Within the records below, reproduce without change the lines from the line that has "bolig, interiør, stue, kvinne, forfatterinne, fingerdukker" through the line that has "Дизайнеры оформили помещение", and only those.

**** MATERIAL FOR THIS EXERCISE

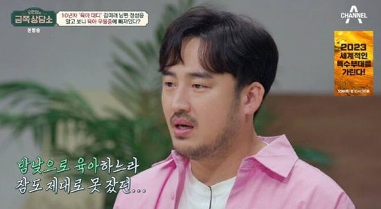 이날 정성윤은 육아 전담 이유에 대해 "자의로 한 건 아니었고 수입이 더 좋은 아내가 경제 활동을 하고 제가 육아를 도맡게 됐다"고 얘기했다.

********
**** MATERIAL FOR THIS EXERCISE

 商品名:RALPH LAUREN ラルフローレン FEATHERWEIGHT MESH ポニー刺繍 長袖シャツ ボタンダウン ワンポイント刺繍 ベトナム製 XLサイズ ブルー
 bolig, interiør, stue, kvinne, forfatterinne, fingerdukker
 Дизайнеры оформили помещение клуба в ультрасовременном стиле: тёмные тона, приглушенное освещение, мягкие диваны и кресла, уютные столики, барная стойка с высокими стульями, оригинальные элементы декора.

********
**** MATERIAL FOR THIS EXERCISE

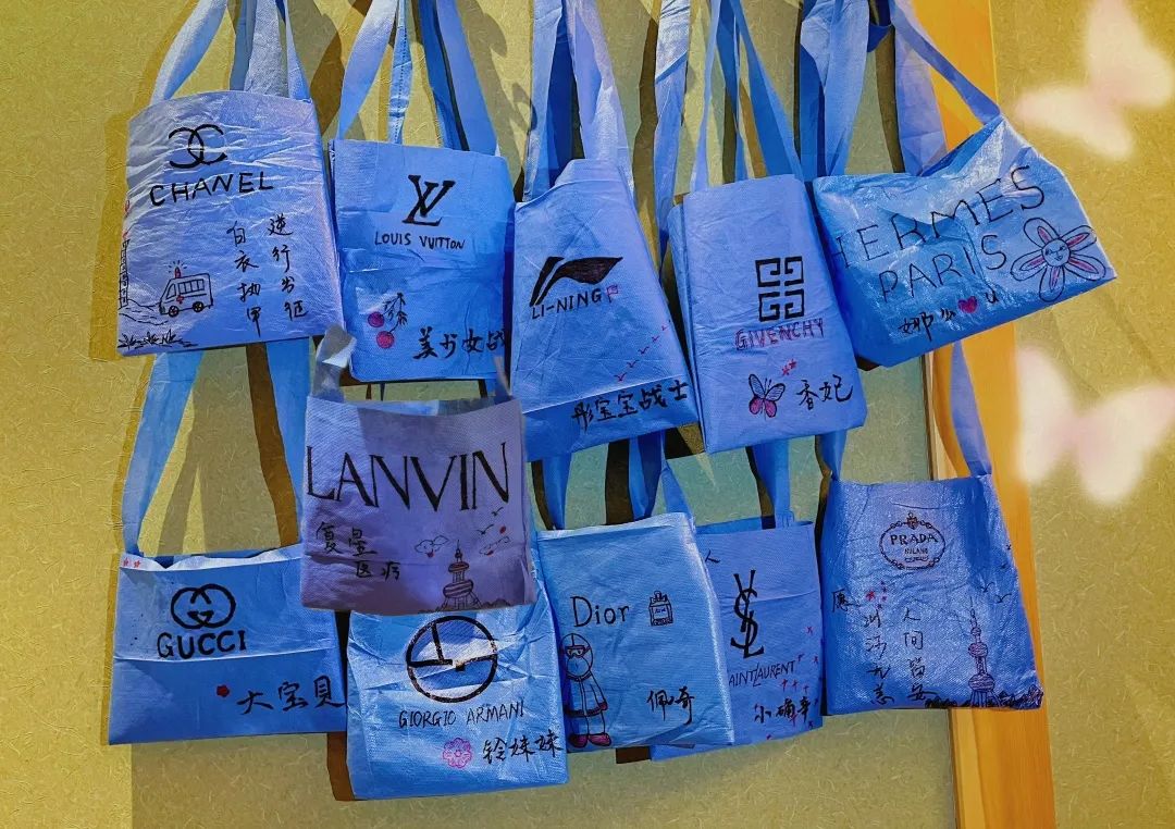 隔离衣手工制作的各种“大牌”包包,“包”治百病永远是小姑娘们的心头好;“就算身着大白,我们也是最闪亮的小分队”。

********

§ **WRITTEN SOLUTION**
 bolig, interiør, stue, kvinne, forfatterinne, fingerdukker
 Дизайнеры оформили помещение клуба в ультрасовременном стиле: тёмные тона, приглушенное освещение, мягкие диваны и кресла, уютные столики, барная стойка с высокими стульями, оригинальные элементы декора.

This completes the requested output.